Metagenomic assembly

Illumina HiSeq 2500 reads (2 × 100 or 2 × 150 PE) from metagenomic DNA libraries were quality filtered and trimmed using Trimmomatic version 0.339 [85]. Preliminary guide assemblies were created using IDBA-UD version 1.1.117 [86] with default parameters, followed by mapping of input reads to scaffolds using the end-to-end option of Bowtie2, version 2.218 [87]. Coverage depth and percentage of singleton versus paired reads were calculated from output of the idxstats module from samtools version 0.1.191 [88]. Preliminary scaffold bins were assigned based on percent GC, nucleotide composition, coverage depth, and taxonomic classification by DarkHorse version 2.0 [89, 90], as previously described [91]. Read subsets were supplemented as necessary to include both R1 and R2 members of each constituent read pair, then re-assembled.

Second round assemblies were performed using both IDBA-UD, and, alternatively Celera Assembler version 8.3 [92], configured with merSize = 17, utgGenomeSize = 5 Mb, and utgErrorRate = 0.01. Second round assembly scaffolds were quality-screened by re-applying the same methods used for initial taxonomic binning (percent GC, coverage depth, and DarkHorse taxonomic classification), with an added requirement that each scaffold should contain more than 90% paired (versus singleton) reads.
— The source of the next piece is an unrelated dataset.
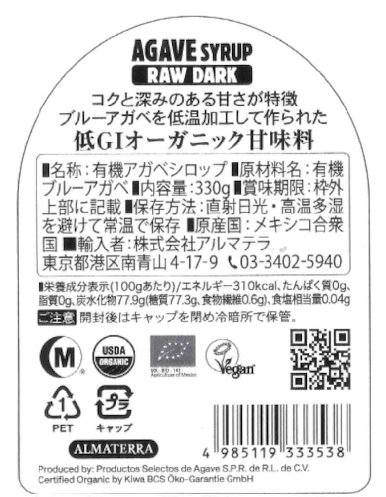 アルマテラのブルーアガベシロップは日本での有機JAS認証をはじめアメリカ、EU,などでも有機認証を取得しています。畑から原料の加工、ボトル充填まで全て有機認証を取得しており徹底した品質管理を行っております。

Final assembly completeness and contamination were assessed using CheckM version 1.07 with the default set of bacterial marker genes [24].

Hormoscilla genome assemblies have been previously reported for samples GUM202 and GUM007 using a combination of Illumina and PacBio reads from trichome-enriched preparations [13]. In the current study, PacBio reads from sample GUM007 were re-assembled without Illumina read supplementation using CANU version 1.8 with default parameters [93], which greatly improved the GUM007 Hormoscilla assembly (100% versus 94.5% completeness, 1.8% versus 2.2% contamination, and 6 versus 64 contigs). This approach could not, however, be applied to the GUM202 Hormoscilla genome, because the smaller number of available PacBio reads (31,034 versus 180,838) failed to provide sufficient coverage.

Phylogenetic placement

16S rRNA gene sequences for closely related species were obtained by blastn searches against SILVA database release 132 [94], and aligned with sequences extracted from assembled genomes using the SILVA Incremental Aligner (SINA) version 1.2.11 [95]. 16S rRNA gene trees were constructed from these alignments using FastTree version 2.1.8 [96] and visualized with FigTree version 1.4.3 [97]. Multi-locus gene trees were constructed using PhyloPhlAn version 0.99 [98]. Average amino acid identities were calculated using the online AAI-Matrix Genome-based distance matrix calculator [26].

Environmental database searches

16S rRNA genes identified in metagenome-assembled genomes (MAGs) from this study were compared to reference database sets by blastn searches, with a minimum cutoff alignment length of 360 nucleotides and maximum e value of 1e−7. Quantitative abundances of blastn matches to OTUs from samples in the Sponge Microbiome Database were obtained by querying a custom MySQL database, constructed by reformatting Supplementary files S3, S4, and S5 from [30] into the schema shown in Supplementary Figure 13, Additional file 1.

Functional annotation

All MAGs generated in this study were annotated at IMG-MER [99]. CRISPR repeat regions were identified using the MinCED (Mining CRISPRs in Environmental Datasets) program, version 0.3.0 [100]. Potentially over-represented protein functional families were identified using Hidden Markov Models (HMMs) from the Pfam-A version 32 [70] and TIGRFAM release 15 [101] databases. In cases where models with overlapping functional activities matched the same target protein, only the HMM with the highest bitscore was included in quantitative tallies, so that no protein was counted more than once. Candidate viral sequences were identified using VirSorter version 1.0.5 [58] and taxonomically classified using DarkHorse version 2.0 with a custom reference database consisting of all viral sequences in the GenBank nr database as of January 2, 2019. Biosynthetic clusters encoding potential secondary metabolites were identified using AntiSMASH version 5.0 [62].